Why select with Navigation Keys Cannot Replace navigate

The modern select(keys, records) with navigation keys (e.g.,
docks._, docks.name) returns
Map<Long, Map<String, Set<TObject>>> keyed by source record,
not destination record. When a source record has a multi-valued
Link field (e.g., docks links to records 5, 6, and 7), the
select result flattens all destination values under the source
key:

// select("docks.name", [parentId]) returns:
{
  parentId: { "docks.name": ["alpha", "beta", "gamma"] }
}

There is no way to determine that "alpha" came from record 5,
"beta" from record 6, and "gamma" from record 7. The per-
destination association is lost.

navigate() preserves this:

// navigate("docks.name", [parentId]) returns:
{
  5: { "name": ["alpha"] },
  6: { "name": ["beta"] },
  7: { "name": ["gamma"] }
}

This per-destination keying is exactly what an ORM needs to
reconstitute each child Record individually.

Measured Impact

Benchmarks in Runway with 300 collection elements on localhost show
a measurable speedup even though the server-side work is currently
suboptimal:

N+1 (disabled):              ~8,600 us
Navigate prefetch (enabled): ~5,800 us
Speedup:                     ~1.3-1.6x (localhost)

Over a real network, the round-trip elimination alone would turn
300+ sequential RPCs into 2 (one select + one navigate).


Current Implementation Analysis

The Deprecated Path is Suboptimal

Operations.navigateKeysRecordsAtomic (Operations.java ~L1256)
does a simple linear loop:

for (long record : records) {
    Map<Long, Map<String, Set<TObject>>> current =
        navigateKeysRecordAtomic(keys, record, timestamp, atomic);
    // ... merge results ...
}

Each navigateKeyRecordAtomic (Operations.java ~L1160) then splits
the key by . and calls atomic.select(key, record) for each stop
in the path, one record at a time:

while (it.hasNext()) {
    key = it.next();
    for (long rec : records) {
        Set<TObject> values = atomic.select(key, rec);
        // ... follow Links ...
    }
    records = nextRecords;
}

Every atomic.select() call registers a read Token in
reads2Lock (AtomicOperation.java ~L646), adding overhead for
conflict tracking that is unnecessary for read-only navigation.

The Modern Path Has Better Infrastructure

Stores.select(Store, Collection<String> keys, long record, long timestamp) (Stores.java ~L301) already has a sophisticated
optimization:

  1. Graph construction — builds a Node-based navigation
    graph from all requested keys, merging shared path prefixes
    into a single tree structure.

  2. BFS traversal — traverses the graph breadth-first,
    performing bulk selection at junction points:

    if(successors.size() > 1) {
        // Multiple keys share this junction &mdash;
        // select the entire record once
        intermediate = store.select(link);
    }

    This avoids redundant reads when multiple navigation keys share
    a common intermediate stop (e.g., docks._ and docks.name
    both traverse through docks).

  3. Single lock acquisition — one
    advisoryLock().readLock().lock() for the entire operation.

  4. No AtomicOperation overhead — reads directly from the
    Store without registering conflict-tracking tokens.

However, traverseKeyRecordsOptionalAtomic (Operations.java
~L1957), which is the modern replacement, still loops over
records one at a time
:

for (long record : records) {
    Set<TObject> values =
        traverseKeyRecordOptionalAtomic(key, record, ...);
}

Each iteration calls Stores.select independently, so the BFS
graph is rebuilt per record and the advisory lock is acquired and
released per record.

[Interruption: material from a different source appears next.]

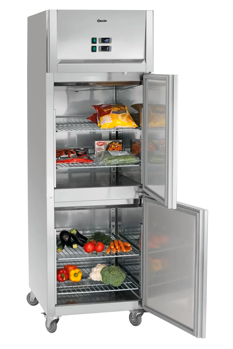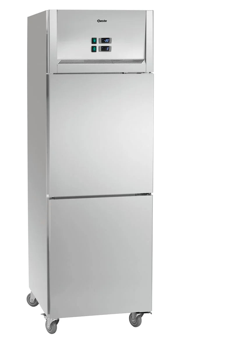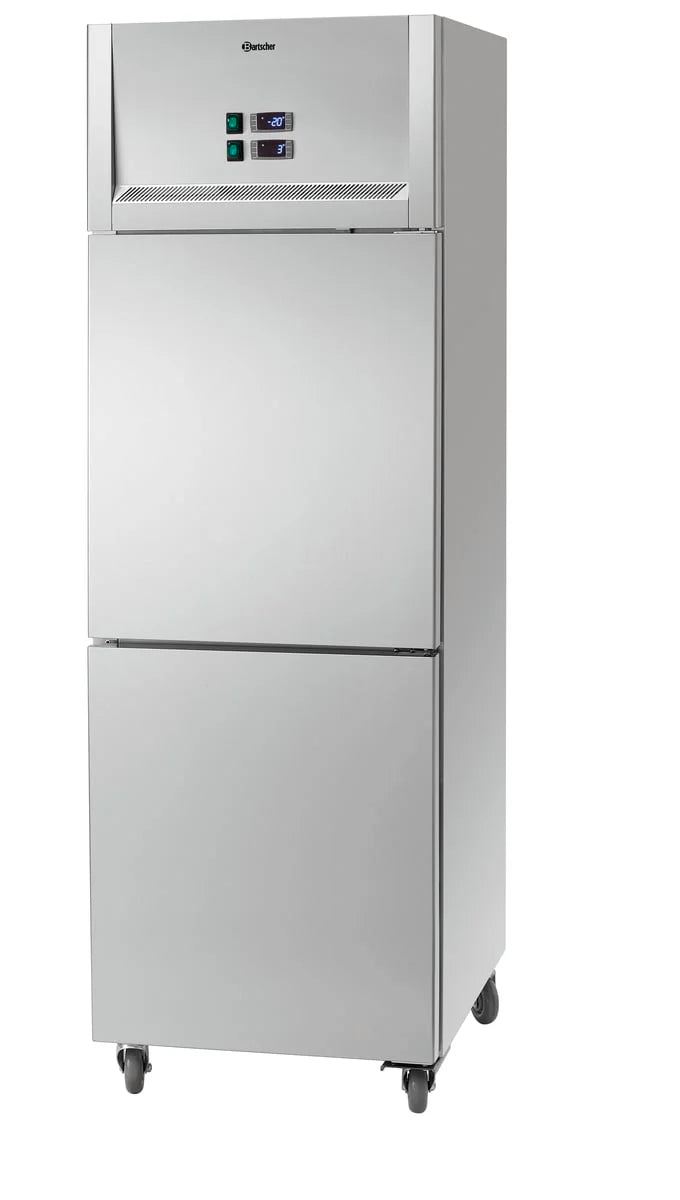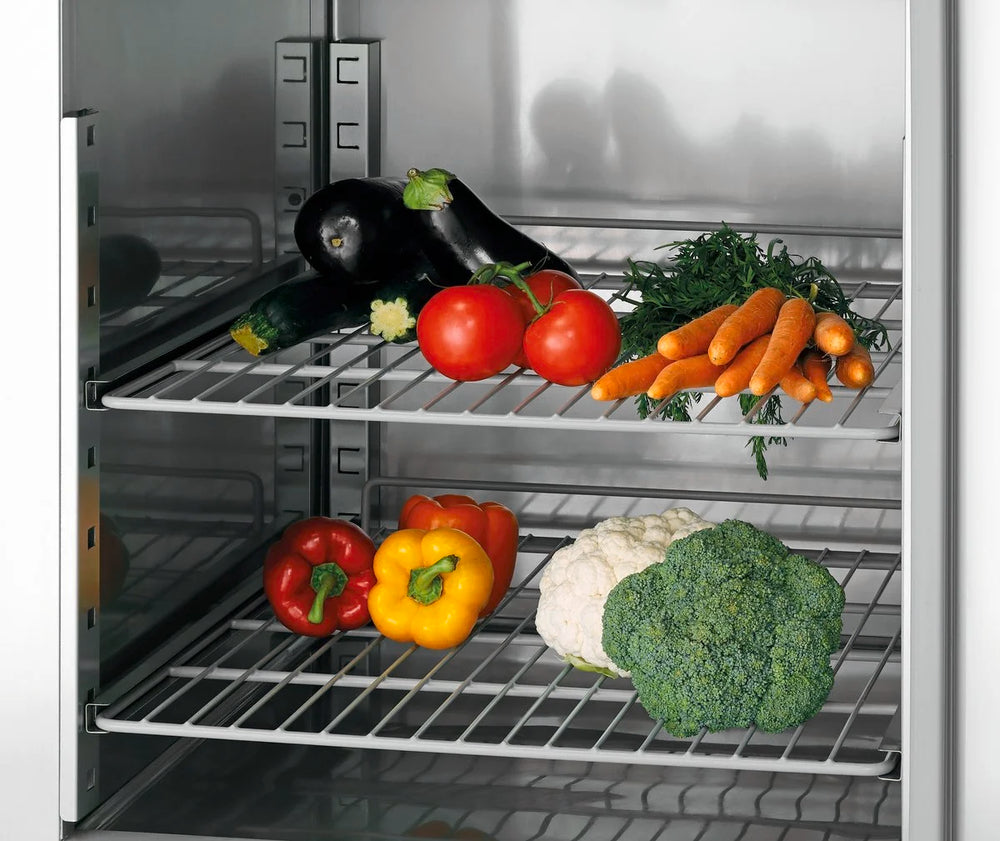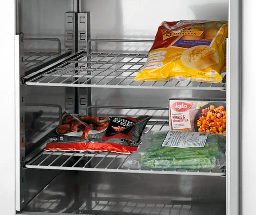 Das Kombigerät vereint Kühlung und Tiefkühlung und bietet somit einen schnellen Zugriff auf gekühlte und tiefgekühlten Waren bei geringem Platzbedarf. Die GN-fähigen Auflageschienen können sowohl für die beiliegenden Roste als auch für GN-Behälter genutzt werden.

The graph optimization only helps within a
single record's key set, not across records.


Proposed Changes

1. Undeprecate navigate

Remove @Deprecated from the navigate methods in
Concourse.java and ConcourseServer.java. The per-destination
return structure (Map<Long, Map<String, Set<TObject>>>) is a
distinct capability that select does not and cannot provide. It
should be a first-class API.

2. Rewrite navigateKeysRecordsAtomic to Use BFS Graph

Replace the current linear loop with a bulk implementation that:

  1. Builds a single Node graph for all navigation keys (reuse
    the existing Node infrastructure from Stores.select).

  2. Processes all source records together at each graph level,
    rather than processing one source record at a time. At each
    junction, batch-select all destination records at once:

    // Instead of N calls to store.select(link):
    Map<Long, Map<String, Set<TObject>>> bulk =
        store.select(allLinksAtThisLevel);
  3. Uses Store directly instead of AtomicOperation, since
    navigation is a read-only operation that does not need conflict
    tracking tokens. The advisory read lock is sufficient.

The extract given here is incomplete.